*Records from a collection*.
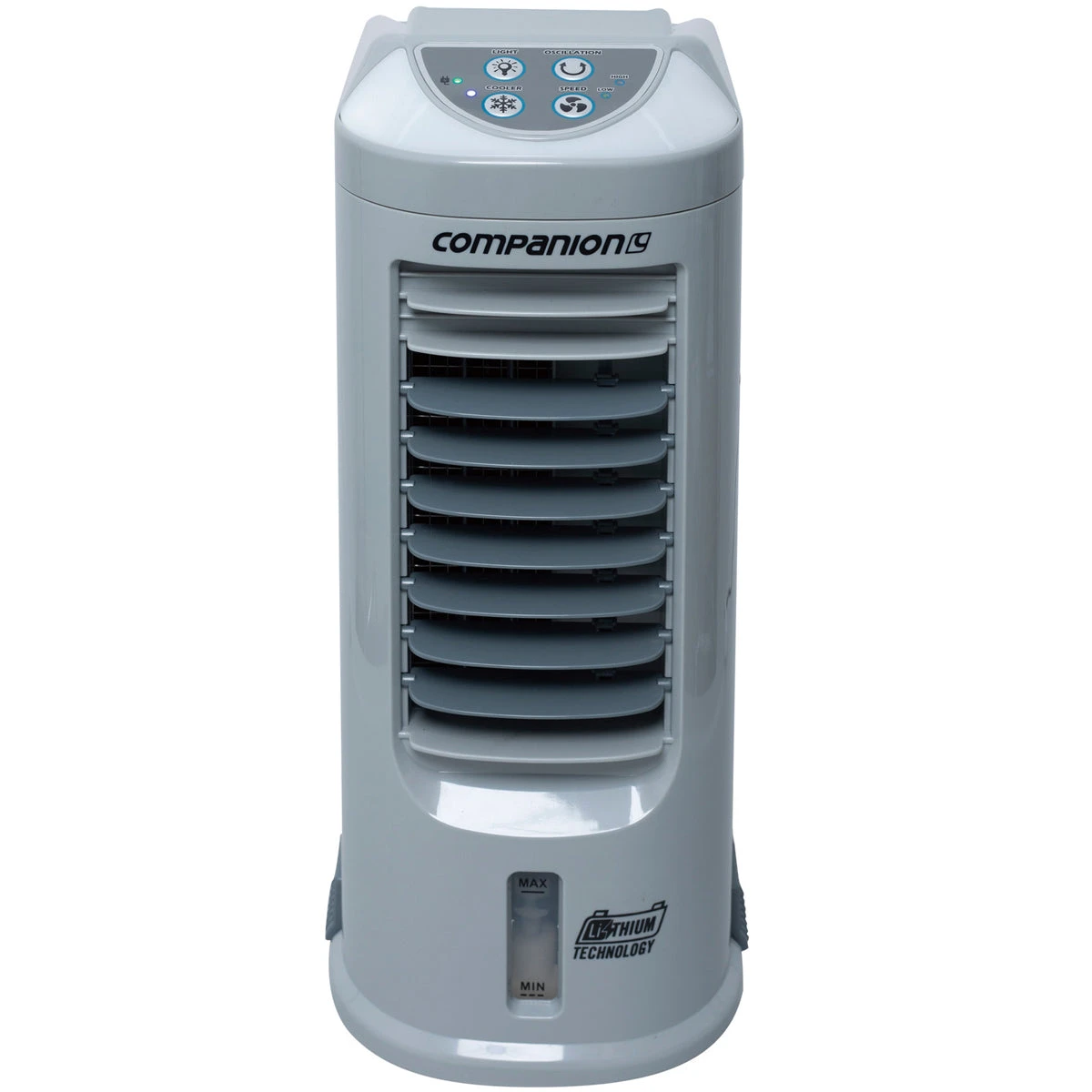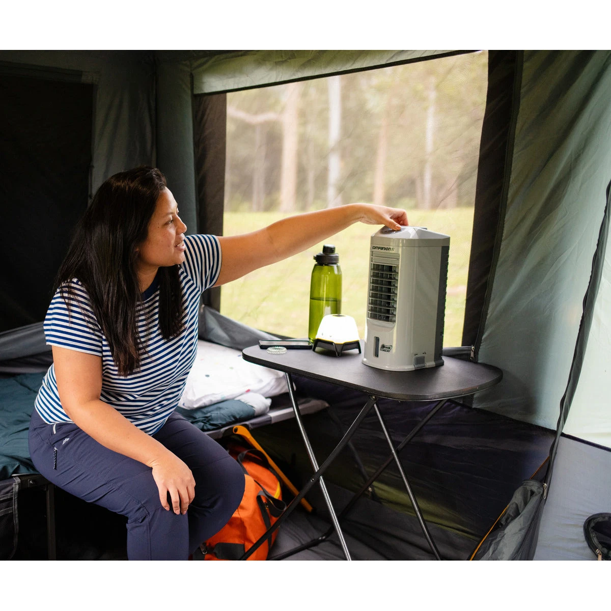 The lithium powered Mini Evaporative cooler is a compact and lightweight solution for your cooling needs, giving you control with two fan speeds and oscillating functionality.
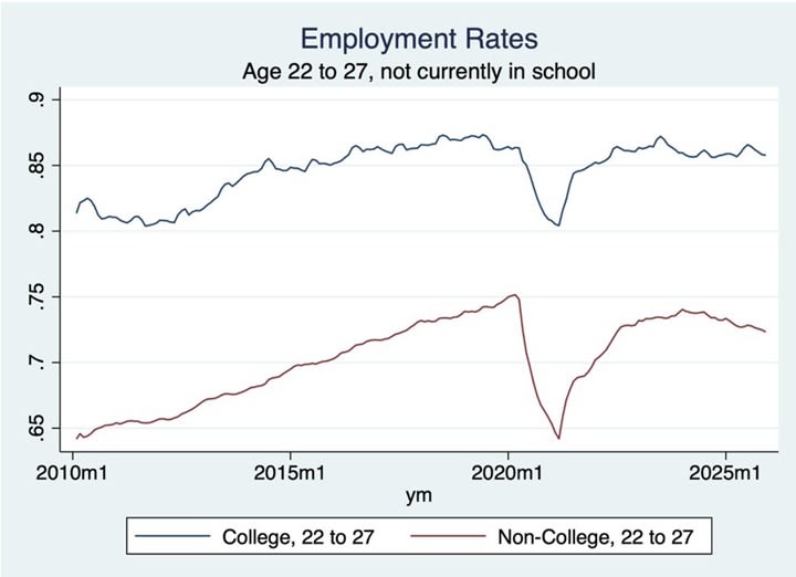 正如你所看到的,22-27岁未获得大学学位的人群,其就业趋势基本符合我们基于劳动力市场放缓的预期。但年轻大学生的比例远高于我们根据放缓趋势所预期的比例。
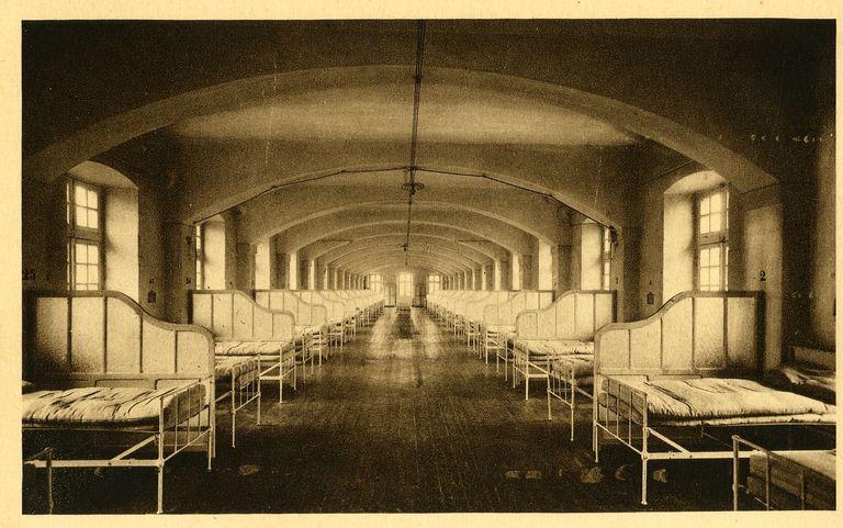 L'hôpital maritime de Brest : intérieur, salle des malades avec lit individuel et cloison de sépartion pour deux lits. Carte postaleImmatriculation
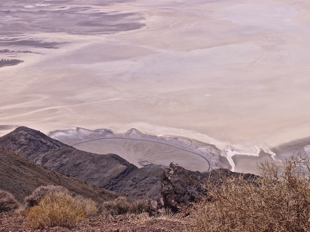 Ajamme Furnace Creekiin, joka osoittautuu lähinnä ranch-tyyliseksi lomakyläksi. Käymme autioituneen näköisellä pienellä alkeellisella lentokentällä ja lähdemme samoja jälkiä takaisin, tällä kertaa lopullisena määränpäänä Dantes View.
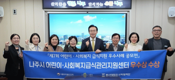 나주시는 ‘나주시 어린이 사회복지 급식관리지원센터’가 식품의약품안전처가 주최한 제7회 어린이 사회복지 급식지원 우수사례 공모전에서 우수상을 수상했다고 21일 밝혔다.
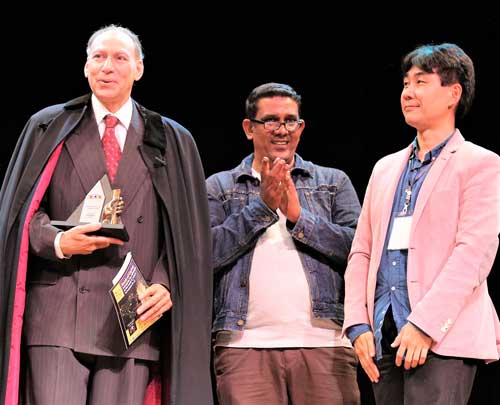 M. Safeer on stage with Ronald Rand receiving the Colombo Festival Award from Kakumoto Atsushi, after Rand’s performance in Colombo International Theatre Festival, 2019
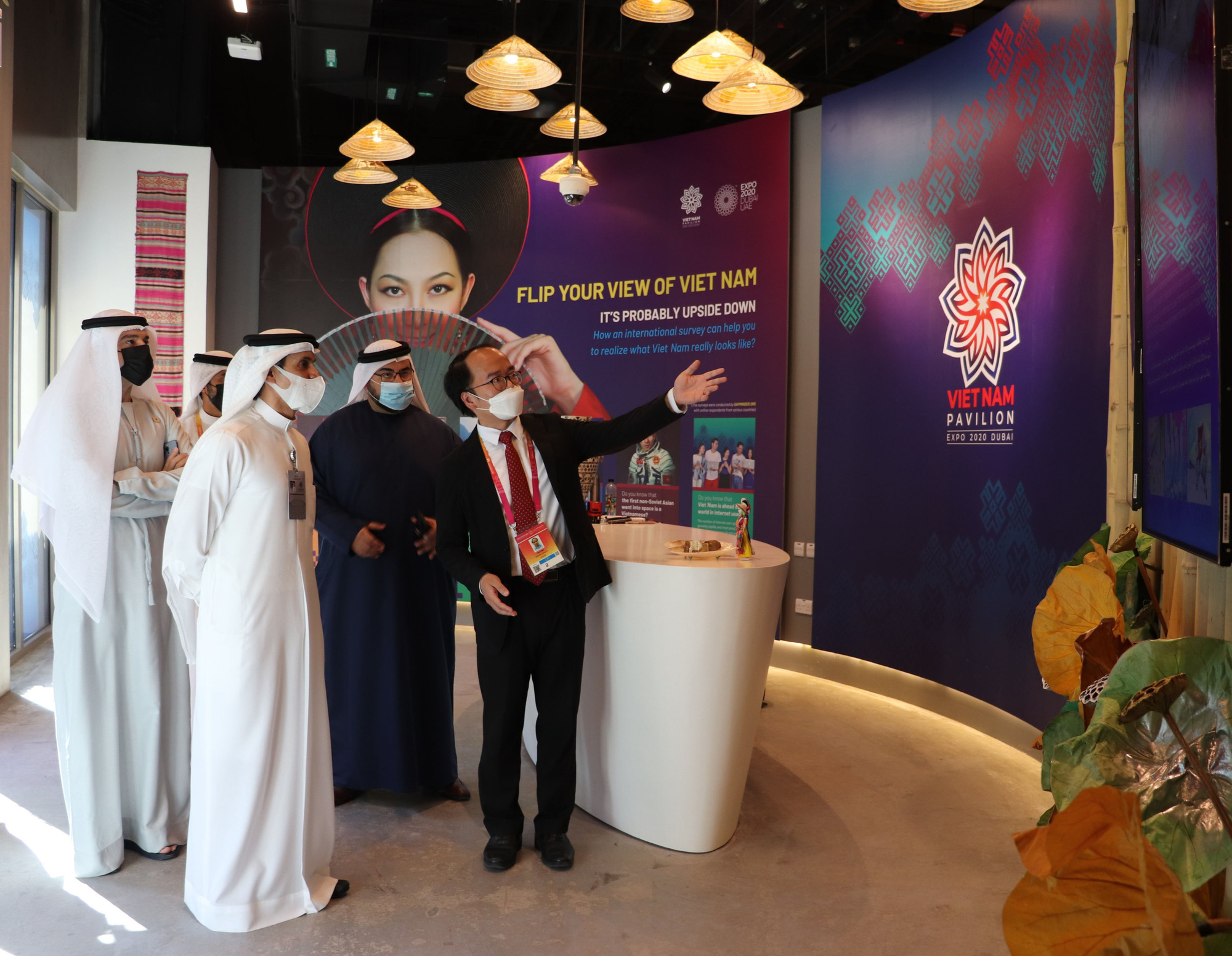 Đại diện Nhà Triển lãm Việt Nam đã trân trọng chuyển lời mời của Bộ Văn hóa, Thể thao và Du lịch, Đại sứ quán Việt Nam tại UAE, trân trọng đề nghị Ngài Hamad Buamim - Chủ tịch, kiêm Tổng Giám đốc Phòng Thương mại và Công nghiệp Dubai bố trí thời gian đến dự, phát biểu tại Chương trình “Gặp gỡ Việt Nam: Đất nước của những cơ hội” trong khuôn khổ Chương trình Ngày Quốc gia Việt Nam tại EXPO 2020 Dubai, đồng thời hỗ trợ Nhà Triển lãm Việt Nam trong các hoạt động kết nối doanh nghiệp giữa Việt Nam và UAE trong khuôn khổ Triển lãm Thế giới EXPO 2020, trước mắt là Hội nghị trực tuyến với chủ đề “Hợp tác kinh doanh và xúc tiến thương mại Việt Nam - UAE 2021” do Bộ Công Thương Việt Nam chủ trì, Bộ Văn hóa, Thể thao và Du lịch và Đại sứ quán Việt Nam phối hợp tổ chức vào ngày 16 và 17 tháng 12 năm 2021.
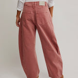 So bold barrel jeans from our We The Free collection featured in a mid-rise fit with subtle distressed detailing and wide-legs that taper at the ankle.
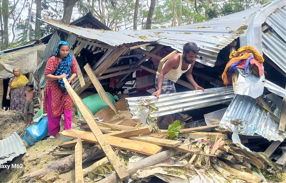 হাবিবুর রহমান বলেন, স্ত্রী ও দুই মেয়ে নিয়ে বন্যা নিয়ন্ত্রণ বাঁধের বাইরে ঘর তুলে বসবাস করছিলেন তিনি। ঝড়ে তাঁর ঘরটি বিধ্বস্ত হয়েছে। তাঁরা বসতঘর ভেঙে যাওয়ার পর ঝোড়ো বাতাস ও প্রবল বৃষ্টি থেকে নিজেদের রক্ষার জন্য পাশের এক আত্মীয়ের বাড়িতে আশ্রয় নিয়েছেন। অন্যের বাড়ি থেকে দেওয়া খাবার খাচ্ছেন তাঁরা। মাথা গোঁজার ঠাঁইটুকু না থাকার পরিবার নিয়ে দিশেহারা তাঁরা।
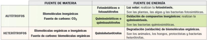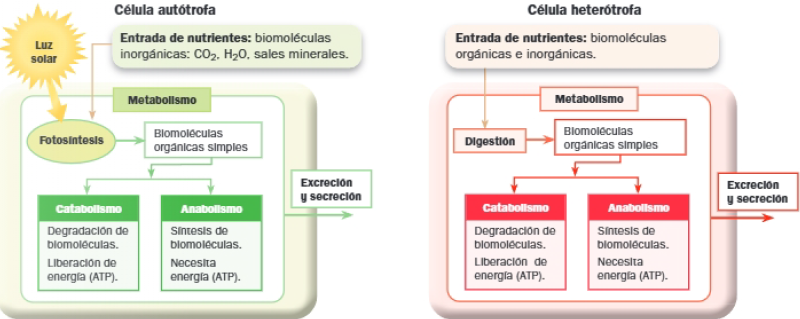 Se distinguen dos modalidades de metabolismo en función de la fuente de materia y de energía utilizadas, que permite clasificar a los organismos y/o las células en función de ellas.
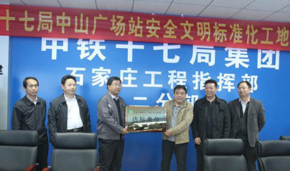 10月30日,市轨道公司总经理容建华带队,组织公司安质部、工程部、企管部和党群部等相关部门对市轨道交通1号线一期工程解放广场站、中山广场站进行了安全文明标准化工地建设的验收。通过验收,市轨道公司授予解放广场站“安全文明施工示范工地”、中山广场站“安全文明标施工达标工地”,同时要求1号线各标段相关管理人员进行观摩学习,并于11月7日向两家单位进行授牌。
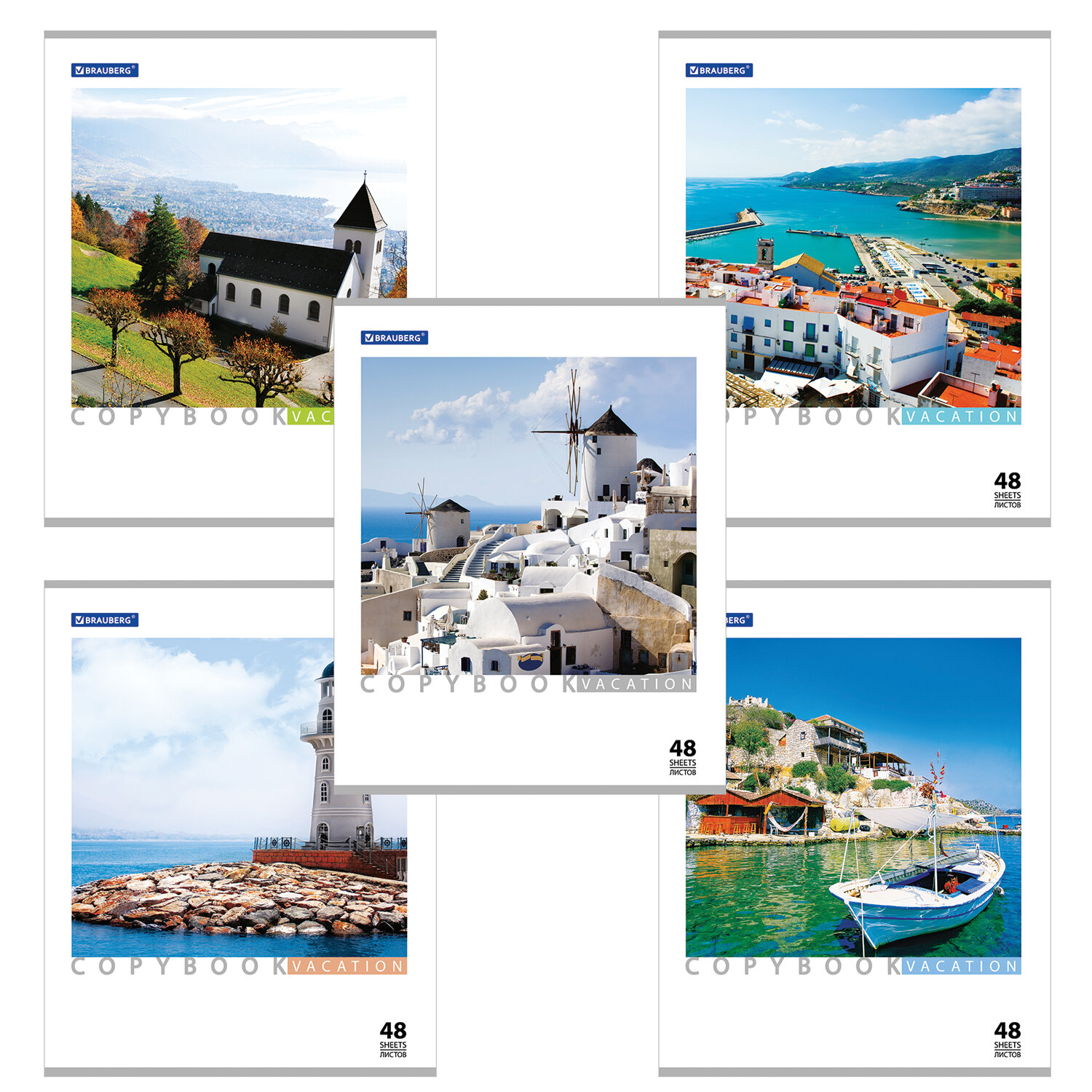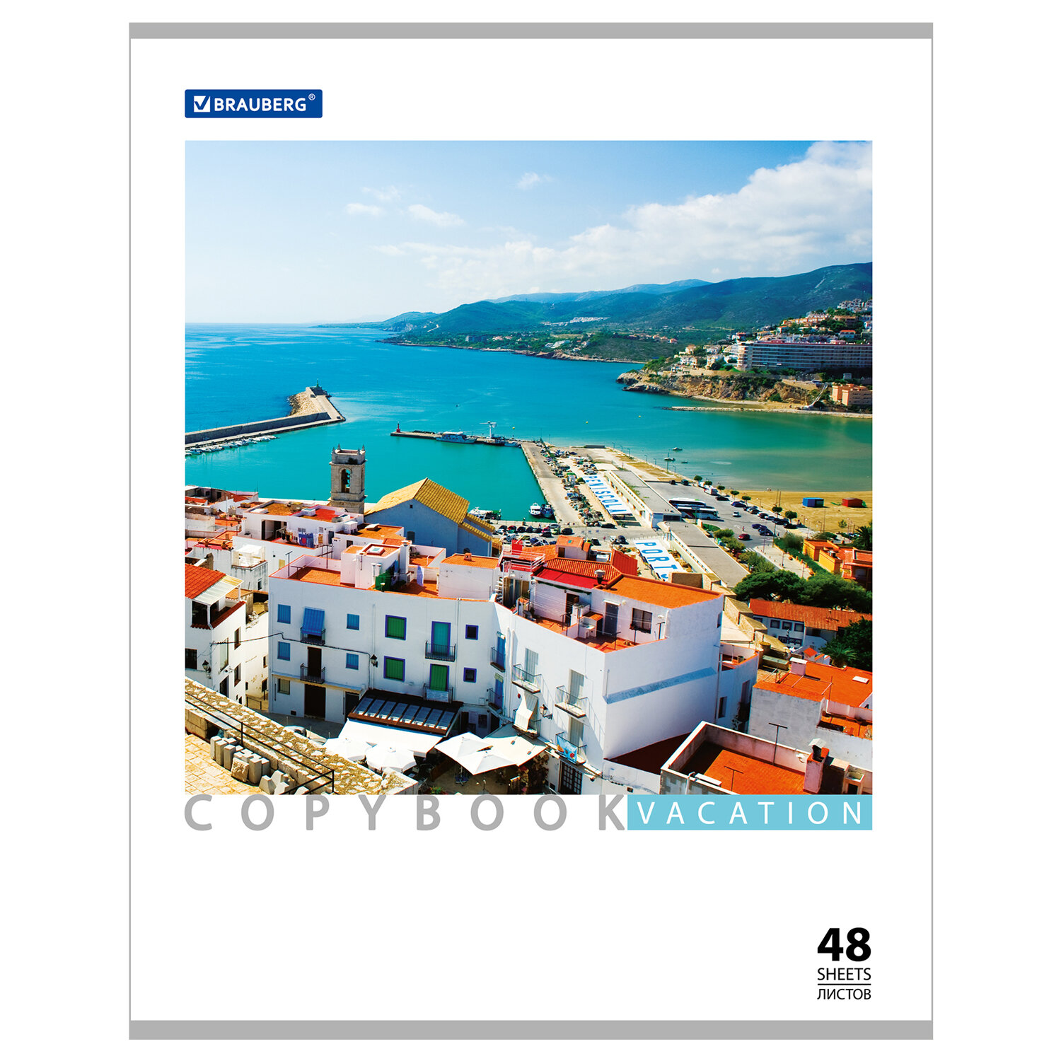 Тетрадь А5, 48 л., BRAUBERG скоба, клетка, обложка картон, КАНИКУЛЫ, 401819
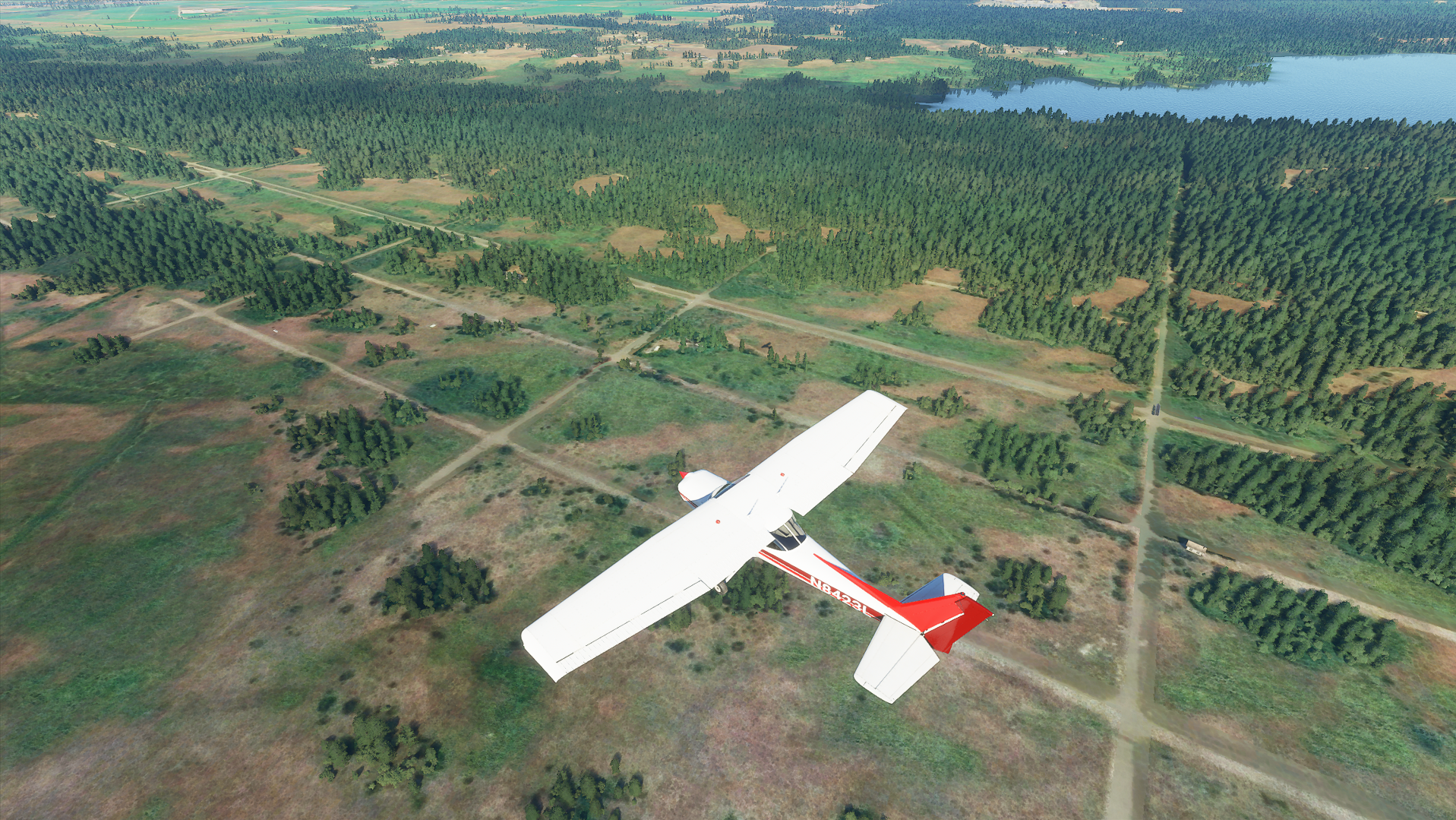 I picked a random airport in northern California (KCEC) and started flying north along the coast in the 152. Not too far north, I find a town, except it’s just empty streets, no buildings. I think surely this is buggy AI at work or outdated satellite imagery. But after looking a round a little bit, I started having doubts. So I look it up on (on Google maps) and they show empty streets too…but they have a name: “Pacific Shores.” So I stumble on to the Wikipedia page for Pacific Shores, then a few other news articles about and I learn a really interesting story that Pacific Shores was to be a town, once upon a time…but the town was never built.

*Work task*. Set down the entries above exactly, and keep every picture out of your copy.

*Reply*.
 The lithium powered Mini Evaporative cooler is a compact and lightweight solution for your cooling needs, giving you control with two fan speeds and oscillating functionality.
 正如你所看到的,22-27岁未获得大学学位的人群,其就业趋势基本符合我们基于劳动力市场放缓的预期。但年轻大学生的比例远高于我们根据放缓趋势所预期的比例。
 L'hôpital maritime de Brest : intérieur, salle des malades avec lit individuel et cloison de sépartion pour deux lits. Carte postaleImmatriculation
 Ajamme Furnace Creekiin, joka osoittautuu lähinnä ranch-tyyliseksi lomakyläksi. Käymme autioituneen näköisellä pienellä alkeellisella lentokentällä ja lähdemme samoja jälkiä takaisin, tällä kertaa lopullisena määränpäänä Dantes View.
 나주시는 ‘나주시 어린이 사회복지 급식관리지원센터’가 식품의약품안전처가 주최한 제7회 어린이 사회복지 급식지원 우수사례 공모전에서 우수상을 수상했다고 21일 밝혔다.
 M. Safeer on stage with Ronald Rand receiving the Colombo Festival Award from Kakumoto Atsushi, after Rand’s performance in Colombo International Theatre Festival, 2019
 Đại diện Nhà Triển lãm Việt Nam đã trân trọng chuyển lời mời của Bộ Văn hóa, Thể thao và Du lịch, Đại sứ quán Việt Nam tại UAE, trân trọng đề nghị Ngài Hamad Buamim - Chủ tịch, kiêm Tổng Giám đốc Phòng Thương mại và Công nghiệp Dubai bố trí thời gian đến dự, phát biểu tại Chương trình “Gặp gỡ Việt Nam: Đất nước của những cơ hội” trong khuôn khổ Chương trình Ngày Quốc gia Việt Nam tại EXPO 2020 Dubai, đồng thời hỗ trợ Nhà Triển lãm Việt Nam trong các hoạt động kết nối doanh nghiệp giữa Việt Nam và UAE trong khuôn khổ Triển lãm Thế giới EXPO 2020, trước mắt là Hội nghị trực tuyến với chủ đề “Hợp tác kinh doanh và xúc tiến thương mại Việt Nam - UAE 2021” do Bộ Công Thương Việt Nam chủ trì, Bộ Văn hóa, Thể thao và Du lịch và Đại sứ quán Việt Nam phối hợp tổ chức vào ngày 16 và 17 tháng 12 năm 2021.
 So bold barrel jeans from our We The Free collection featured in a mid-rise fit with subtle distressed detailing and wide-legs that taper at the ankle.
 হাবিবুর রহমান বলেন, স্ত্রী ও দুই মেয়ে নিয়ে বন্যা নিয়ন্ত্রণ বাঁধের বাইরে ঘর তুলে বসবাস করছিলেন তিনি। ঝড়ে তাঁর ঘরটি বিধ্বস্ত হয়েছে। তাঁরা বসতঘর ভেঙে যাওয়ার পর ঝোড়ো বাতাস ও প্রবল বৃষ্টি থেকে নিজেদের রক্ষার জন্য পাশের এক আত্মীয়ের বাড়িতে আশ্রয় নিয়েছেন। অন্যের বাড়ি থেকে দেওয়া খাবার খাচ্ছেন তাঁরা। মাথা গোঁজার ঠাঁইটুকু না থাকার পরিবার নিয়ে দিশেহারা তাঁরা।
 Se distinguen dos modalidades de metabolismo en función de la fuente de materia y de energía utilizadas, que permite clasificar a los organismos y/o las células en función de ellas.
 10月30日,市轨道公司总经理容建华带队,组织公司安质部、工程部、企管部和党群部等相关部门对市轨道交通1号线一期工程解放广场站、中山广场站进行了安全文明标准化工地建设的验收。通过验收,市轨道公司授予解放广场站“安全文明施工示范工地”、中山广场站“安全文明标施工达标工地”,同时要求1号线各标段相关管理人员进行观摩学习,并于11月7日向两家单位进行授牌。
 Тетрадь А5, 48 л., BRAUBERG скоба, клетка, обложка картон, КАНИКУЛЫ, 401819
 I picked a random airport in northern California (KCEC) and started flying north along the coast in the 152. Not too far north, I find a town, except it’s just empty streets, no buildings. I think surely this is buggy AI at work or outdated satellite imagery. But after looking a round a little bit, I started having doubts. So I look it up on (on Google maps) and they show empty streets too…but they have a name: “Pacific Shores.” So I stumble on to the Wikipedia page for Pacific Shores, then a few other news articles about and I learn a really interesting story that Pacific Shores was to be a town, once upon a time…but the town was never built.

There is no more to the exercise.